Global markets headed for a positive weekend after US inflation

(Paris) A relaxation of several measures against COVID-19 in China and the sharper than expected slowdown in US inflation helped markets on Friday, despite fears over the cryptocurrency sector.

Updated yesterday at 12:07 p.m.

In Europe, most European indices finished in the green. Paris gained 0.58%, Milan 0.25% and Frankfurt 0.56%, the German place signing its best weekly progression since March 2022.

By contrast, London fell 0.78%, while UK GDP contracted 0.2% in the third quarter, a sign that the economy may already be in recession.

In New York, the trend was mixed following a euphoric session, where the NASDAQ soared more than 7%. Around 11:50 a.m., the NASDAQ was up 0.77%, the S&P 500 0.10%, while the Dow Jones fell 0.69%.

The Hong Kong Stock Exchange index, which is dominated by technology, also took off by more than 7%.

Thursday’s release of a sharper-than-expected slowdown in inflation (to 7.7%) in the United States in October sparked a frenzy of buy-equity orders, a slump in bond yields State and an ebb of the dollar.

The announcement on Friday of a relaxation of certain measures against COVID-19 in China, in particular a reduction of the quarantine on arrival in the country from ten to eight days, boosted the markets.

“It’s hard not to think once again that the markets seem to be getting a bit ahead of themselves, given that the quarantine period in China is still quite long and the infection rates of COVID- 19 are rising and not falling,” said CMC Markets analyst Michael Hewson.

Ditto for inflation, “the reaction to this figure seems a bit extreme, even exaggerated, but it must be recognized that investors have waited a long time for this opportunity and that a lot of negativity has been priced in during this time”, comments Craig Erlam, analyst from Oanda.

With rising prices decelerating and a slowing economy, investors are hoping the US central bank eases off its monetary tightening cycle.

However on the bond market, European sovereign interest rates, which had collapsed the day before, rose to levels close to those where they were before the publication of inflation figures on Thursday. The German 10-year yield was worth 2.15%. The US market is closed for Veterans Day.

Slack on health

With the renewed appetite for risk, so-called defensive stocks fell, particularly those in the health sector: Sanofi lost 5.22%, UCB Pharma 6.08%, Novartis 4% and AstraZeneca 5.02%. . GSK fell 6.01%, “following a downgrading of UBS’s rating, due to uncertainty about future levels of sales of the Shingrix vaccine”, explains Michael Hewson.

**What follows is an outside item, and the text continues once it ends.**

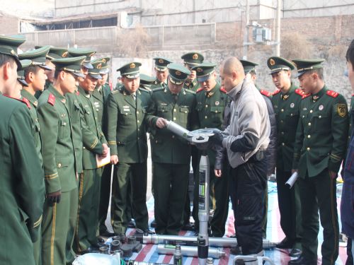 我公司技術人員在蘭州市消防特勤大隊為消防官兵現場顯示、培訓我公司所供其他設備。
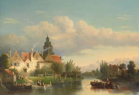 | Abendliche Flusslandschaft mit übersetzendem Boot und reizvoller Architekturansicht mit zahlreichen Figuren | |

In New York, Johnson & Johnson fell 3.07%, Merck 3.18% and Eli Lilly 4.42%.

On the side of currencies and oil

The dollar continued its decline on Friday, reaching a three-month low against the euro.

In two sessions, the Dollar index, which compares the greenback to a basket of other major currencies, plummeted by 3.38%.

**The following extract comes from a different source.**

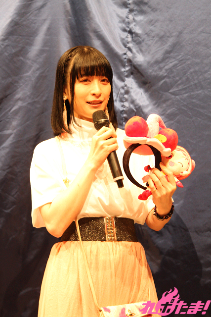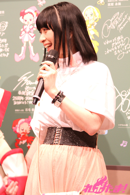 さらに、どれみの妹・春風ぽっぷのぬいぐるみや、着用するとアナタもどれみになれる(?)カチューシャなど、魅力的なグッズを紹介していた。

The American currency lost 1.17% against the euro at 1.0330 dollars.

The British pound fell against the euro by 0.59% to 87.66 pence, weighed down by the contraction of British GDP.

Investors were watching the possible implications of the troubles in the cryptocurrency sector. The FTX cryptocurrency platform, in turmoil for a week, declared bankruptcy, and its leader Sam Bankman-Fried resigned on Friday.

After this announcement, bitcoin fell 6.07% to $16,725.

Oil prices were supported by the easing of Chinese anti-COVID-19 restrictions.

Around 11:45 a.m., a barrel of Brent from the North Sea for delivery in January 2023 gained 2.22% to 95.76 dollars. A barrel of US West Texas Intermediate (WTI) for December delivery appreciated 2.58% to 88.69 dollars.